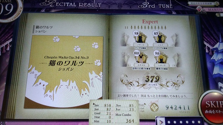 S取得。イントロムズいしサビのテレレテッテの弾き方もよくわからんし。曲を思い出すために本物のピアノの演奏動画を観てみたら何やってるかよくわからなかったし。
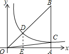分析:作DE⊥OA于E点,易得DE∥AB,根据三角形相似的判定得到Rt△OED∽Rt△OAB,则DE:AB=OE:OA=OD:OB,而OD=
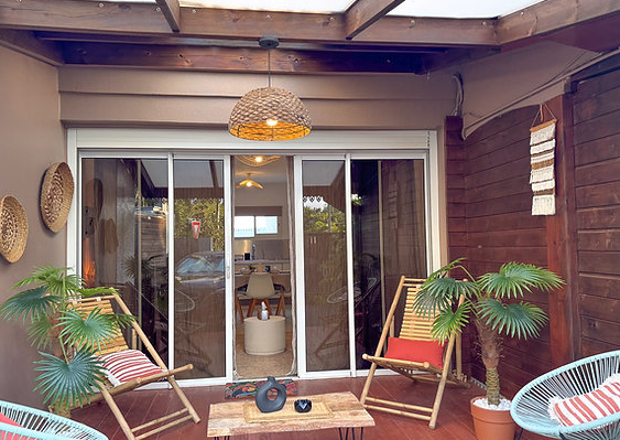 - Terrasse privée aménagée avec salon de jardin, idéale pour les petits-déjeuners au soleil ou les apéros en soirée
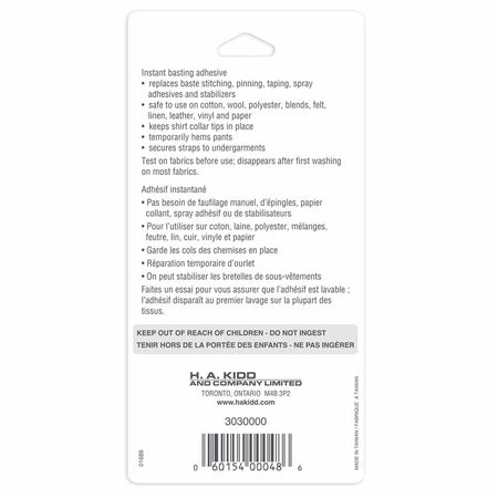 Instant basting adhesive. Replaces baste stiching, pinning, taping, spray adhesives, and stabilizers. Safe to use on cotton, wool, polyester, blends, felt, linen, leather, vinyl, and paper. Keeps shirt collar tips in place. Temporarily hems pants. Secures straps to undergarments. Test on fabrics before use, disappears after first washing on most fabrics.
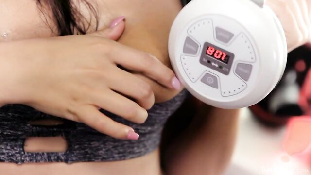 - Description: Hot Czech brunette Vanessa Decker is working up a sweat on her cardio machine. She's wearing hotpants and a crop top that show off her body tan, with an althetic yet curvy shape. She steps off the machine and grabs a vibrating dumbbell. The vibrations are meant to help tone her muscles but, as she curls the weight towards her pert breasts, she starts to feel horny. She pulls down her top to expose her tits and touches the buzzing dumbbell to one nipple as she fingers the other. Next, she moves the weight down over her belly, pressing it to her crotch through her tight hotpants. She eases these down and holds the weight between her thighs, moving against it as the vibrations course through her naked, trimmed pussy. Sweat trickles down her firm ass cheeks and she moans with pleasure before sitting on a yoga mat, legs splayed, with the weight tight up against her snatch. She grinds up against it, then sets it aside to use her hand instead. She parts her pussy lips, rubbing her clit, then slides a finger inside, knuckle-deep. Finally, she squats over the dumbbell, body trembling as she rides it hard, moaning and bucking her way to an intense climax. As her orgasm fades, the camera lingers on her beautiful body. She towels away her sweat, then switches the vibrating weight on again, ready for round two.

What you have to do: Using the listing above, reproduce word for word every line from the one containing "分析:作DE⊥OA于E点,易" through the one containing "Instant basting adhesive.". Pictures must be left out.

Output of the task:
分析:作DE⊥OA于E点,易得DE∥AB,根据三角形相似的判定得到Rt△OED∽Rt△OAB,则DE:AB=OE:OA=OD:OB,而OD=
 - Terrasse privée aménagée avec salon de jardin, idéale pour les petits-déjeuners au soleil ou les apéros en soirée
 Instant basting adhesive. Replaces baste stiching, pinning, taping, spray adhesives, and stabilizers. Safe to use on cotton, wool, polyester, blends, felt, linen, leather, vinyl, and paper. Keeps shirt collar tips in place. Temporarily hems pants. Secures straps to undergarments. Test on fabrics before use, disappears after first washing on most fabrics.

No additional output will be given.